## Given records
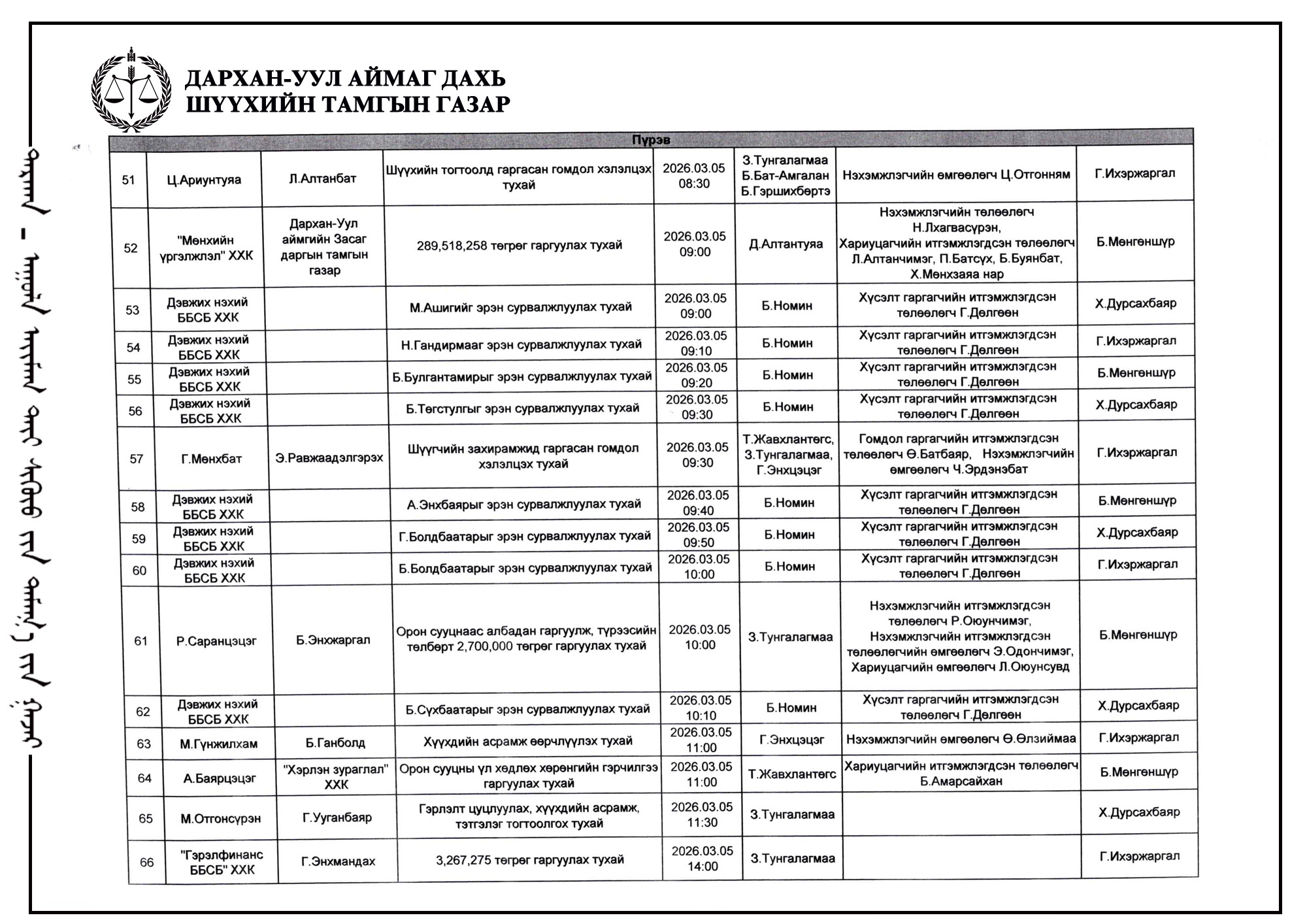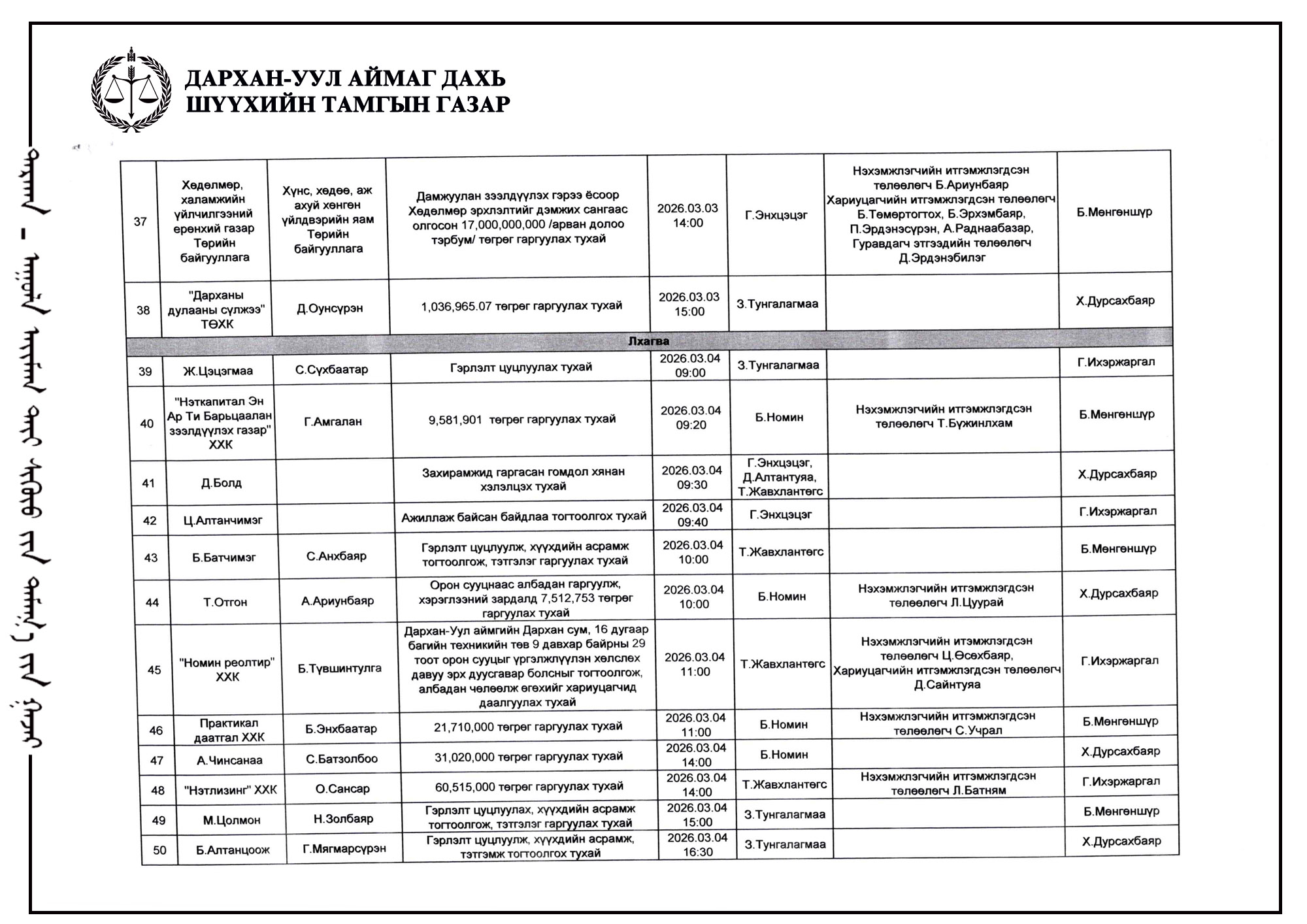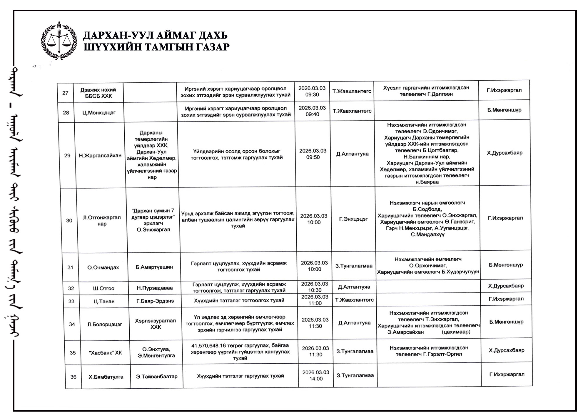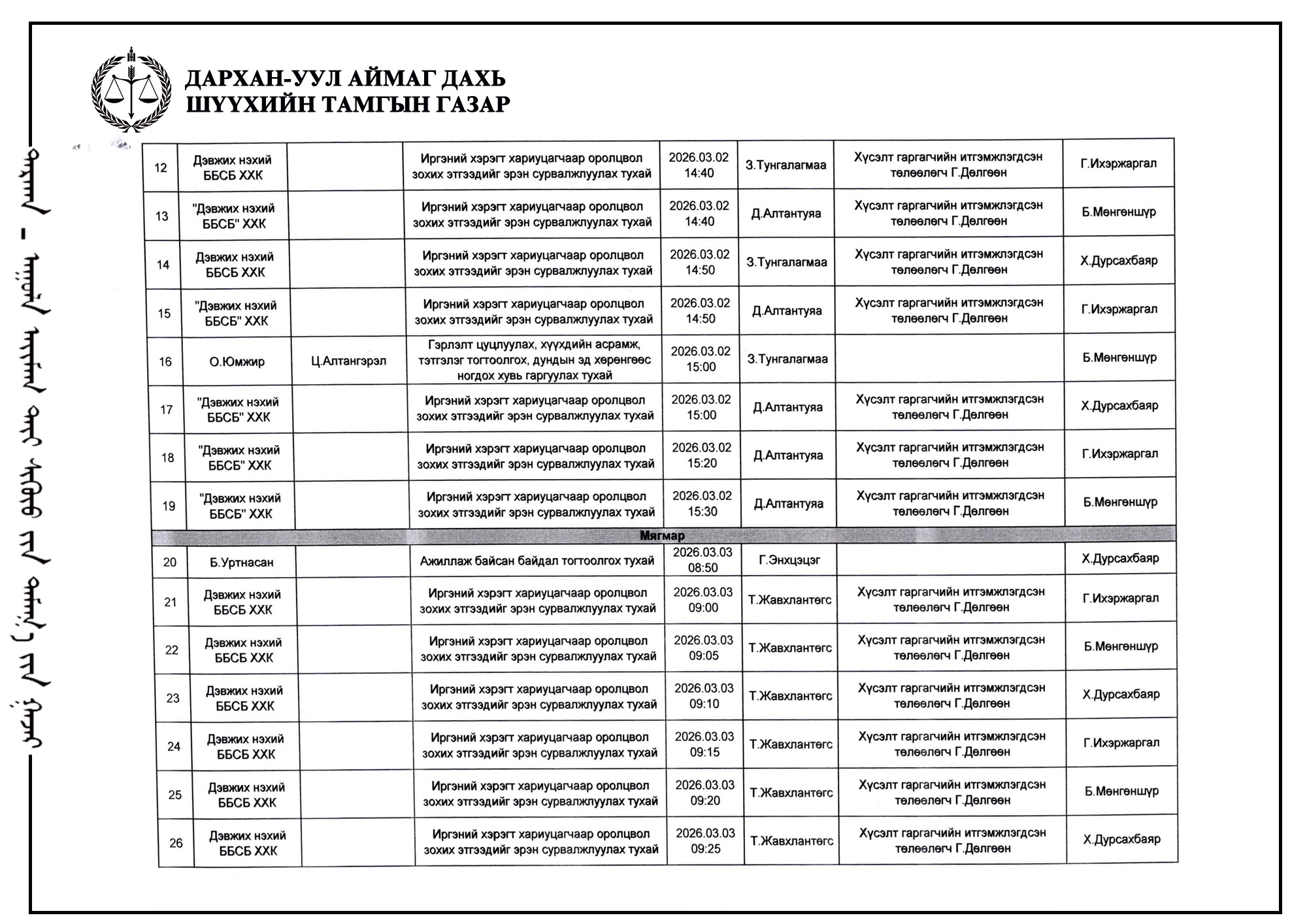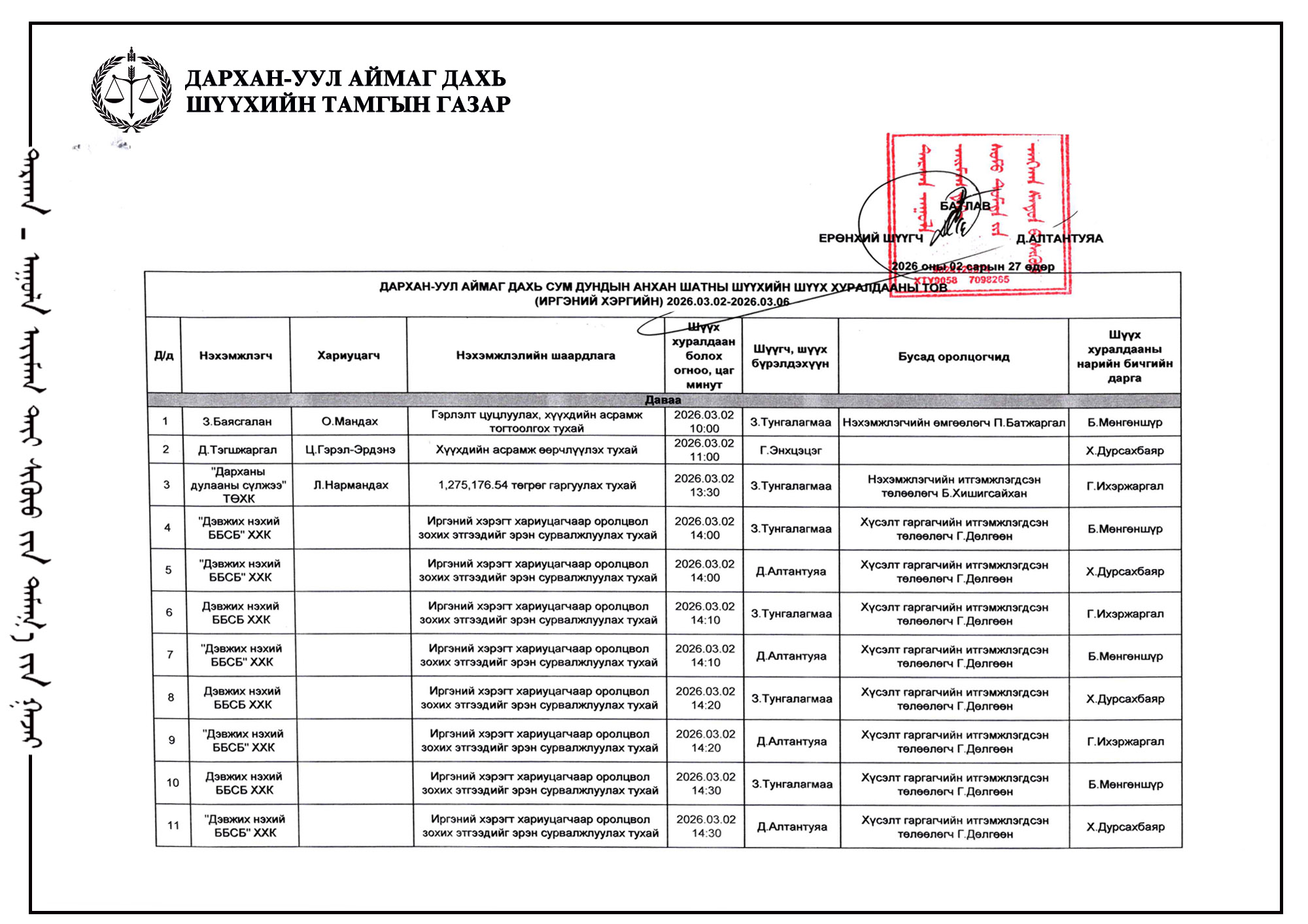ШҮҮХ ХУРАЛДААНЫ ТОВ /ДАРХАН-УУЛ АЙМГИЙН ИРГЭНИЙ ХЭРГИЙН АНХАН ШАТНЫ ШҮҮХ 2026.03.02-2026.03.06/
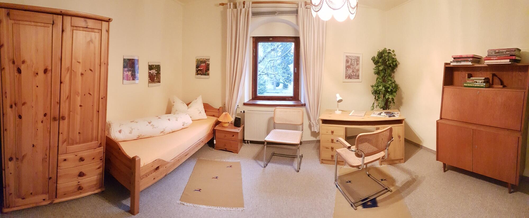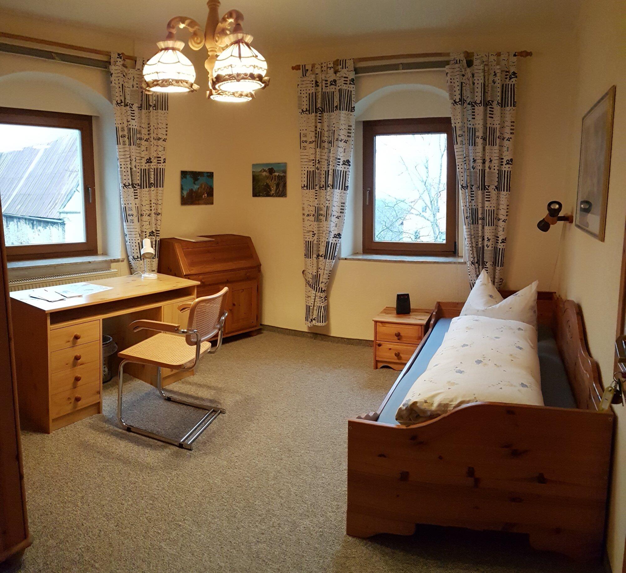 Einzelzimmer Unsere zwei Einzelzimmer sind jeweils in der 1. Etage, ausgestattet mit Dusche/WC. Massivholzmöbel prägen die Zimmer im gemütlichen Landhausstil. Doppelzimmer Unsere zwei Doppelzimmer sind jeweils in der 1. Etage, ausgestattet mit Dusche/WC. Massivholzmöbel prägen die Zimmer im gemütlichen Landhausstil.
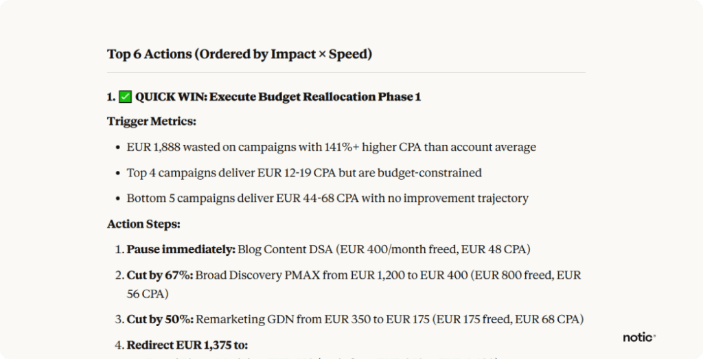 Ask Claude to compare cost-per-conversion across campaigns and recommend reallocation strategies. It analyzes the entire account and tells you exactly where to move budget for better ROI.
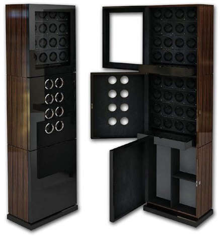 Шкаф для подзавода 32-х механических часов. Внешняя отделка дерево макасар. Отлично смотрится как в современном, так и в строгом, офисном интерьере
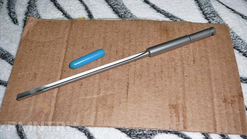 Такое сверло сточено наполовину для эффективного отвода стружки. Конструкция его не спиральная, а прямая. Также его отличает хвостовик Морзе, подходящий только для крепления в патроне станка. Такими орудиями высверливают ружейные дула.
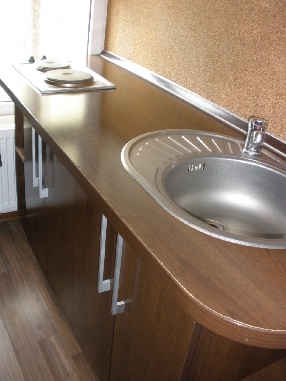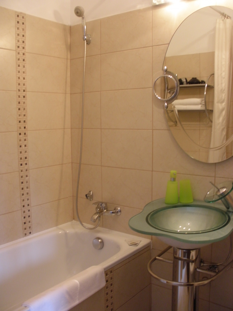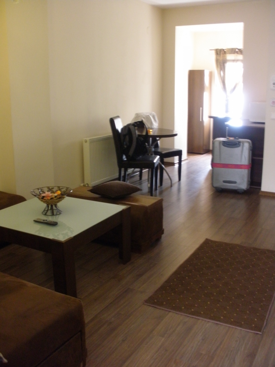 一人では広すぎるくらいで、大きなダブルベッドのスペースたっぷりの寝室に、5~6人座れるソファセットのあるリビング、台所セットの付いたキッチン&ダイニング(電子レンジや4人分の食器やお鍋などもついてます)、バスタブつき(ジャグジーつき)の浴室は使い勝手の良い設備でした。
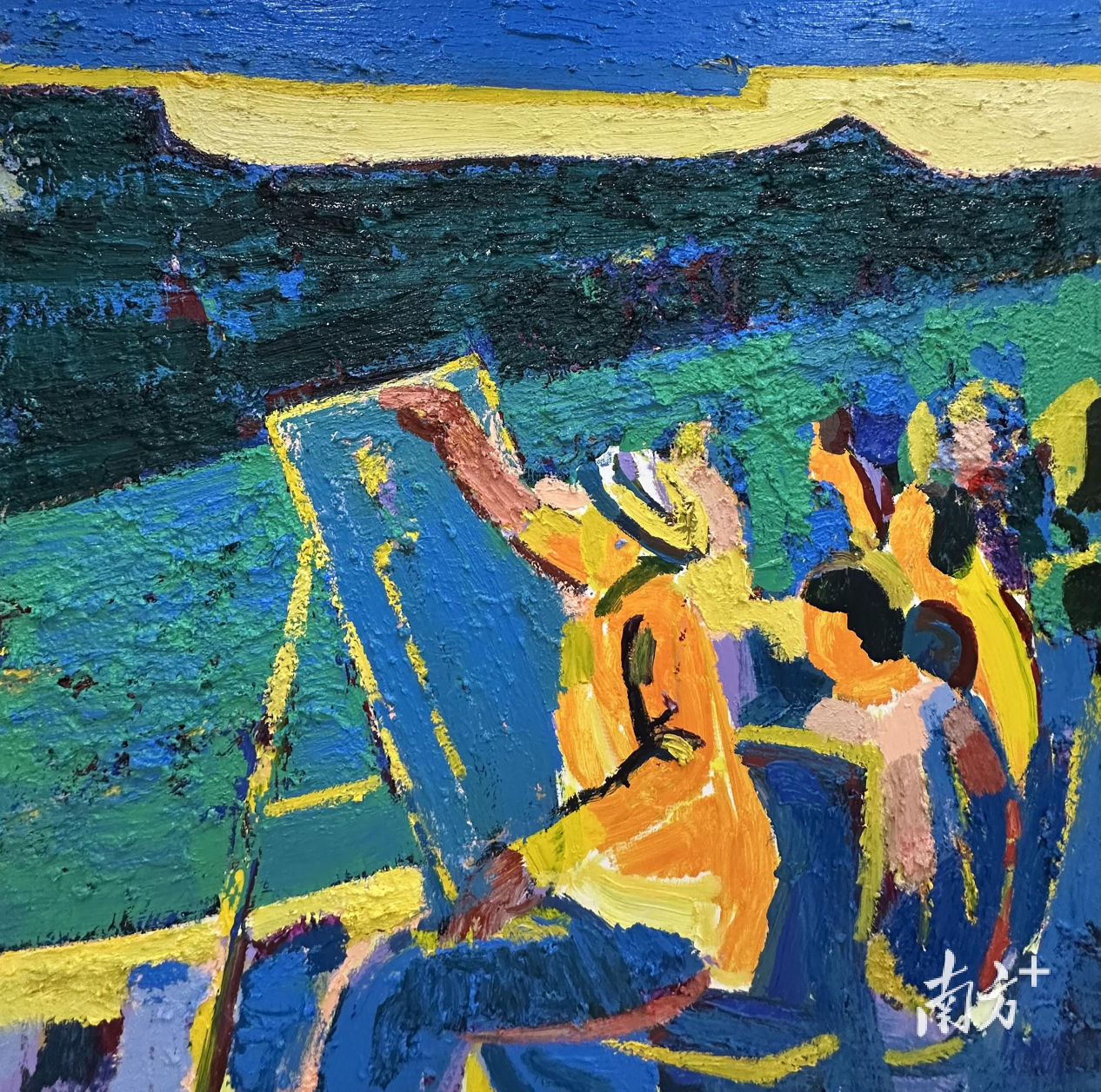 展厅中央,一幅色彩明媚、构图别致的《向阳而生3》吸引了众多观众细细品鉴,画布上翻滚的金色与墨绿交织,刻画了岭南大地上阳光穿透晨雾的活力瞬间;而与之呼应的《黄河传说》则以炽烈的红与强烈的黑勾勒出黄河岸边的原始生命力。
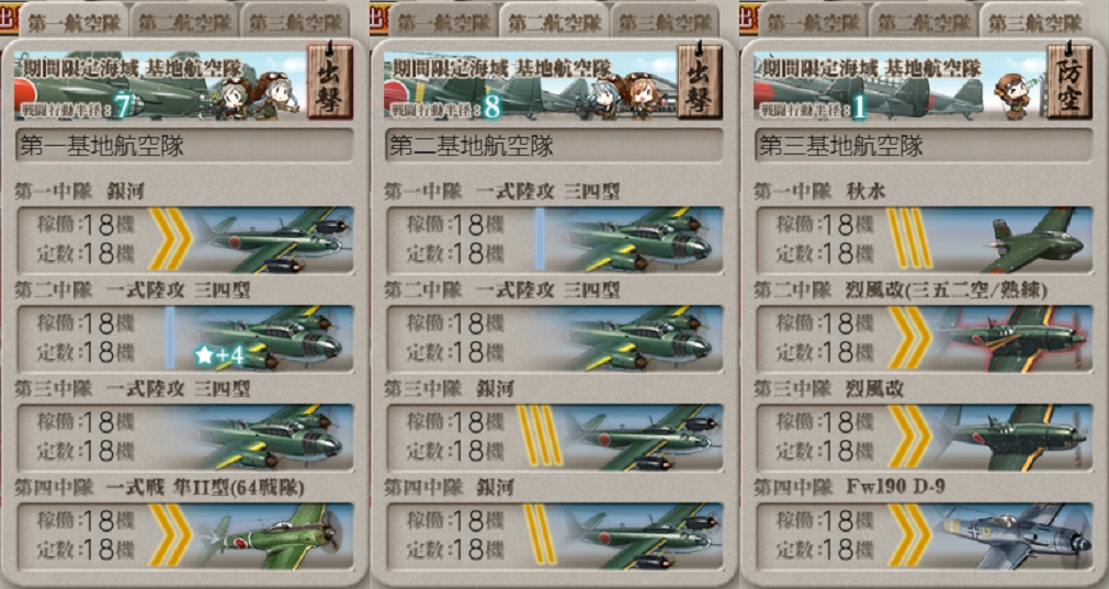 もし重巡入り編成で道中1戦増やしたら第二航空隊は"Hマス"に1回、"Iマス"に1回が良いと思います。
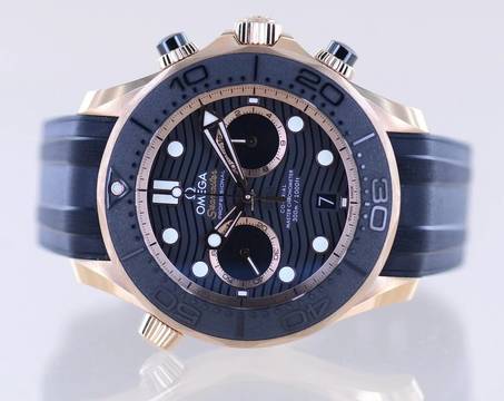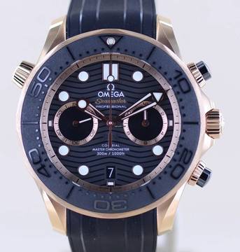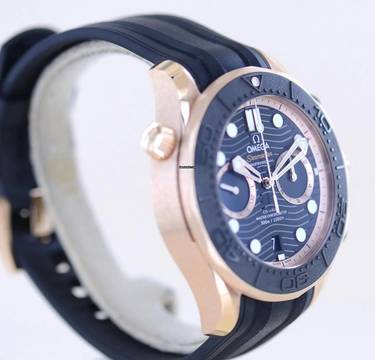 Sehr schöne und seltene Omega Seamaster Chronograph in der Sedna-Roségoldausführung. Zeitloses schwarzes Blatt mit roségoldenen Zeigern und Goldindizes. Gerahmt mit der goldenen Lünette mit schwarzer Kermaik-Einlage und erhabener 3D-Skala ein luxuriöser Klassiker.Die Verwendung von Sedna-Gold - welches von Omega exklsuiv verwendet wird - passt bei diesem Modell perfekt. Dieses außergewöhnliche Material wurde vom Weltall inspiriert. Der Name entstammt dem Planetoiden "Sedna". Es wird aus Gold, Palladium und Kupfer gefertigt und erzeugt ein wunderbares Roségold mit einer ganz eigenen Farbe. Der Goldanteil liegt hier bei mindestens 18K / 75%. Dank des Palladiums ist das Material deutlich härter als reines Gold und mit dem Kupferanteil etwas rötlicher.

## Problem statement
Starting with the first line of the material above and ending with the line that holds "Ask Claude to", write out those lines exactly, without pictures.

## Exercise solution
ШҮҮХ ХУРАЛДААНЫ ТОВ /ДАРХАН-УУЛ АЙМГИЙН ИРГЭНИЙ ХЭРГИЙН АНХАН ШАТНЫ ШҮҮХ 2026.03.02-2026.03.06/
 Einzelzimmer Unsere zwei Einzelzimmer sind jeweils in der 1. Etage, ausgestattet mit Dusche/WC. Massivholzmöbel prägen die Zimmer im gemütlichen Landhausstil. Doppelzimmer Unsere zwei Doppelzimmer sind jeweils in der 1. Etage, ausgestattet mit Dusche/WC. Massivholzmöbel prägen die Zimmer im gemütlichen Landhausstil.
 Ask Claude to compare cost-per-conversion across campaigns and recommend reallocation strategies. It analyzes the entire account and tells you exactly where to move budget for better ROI.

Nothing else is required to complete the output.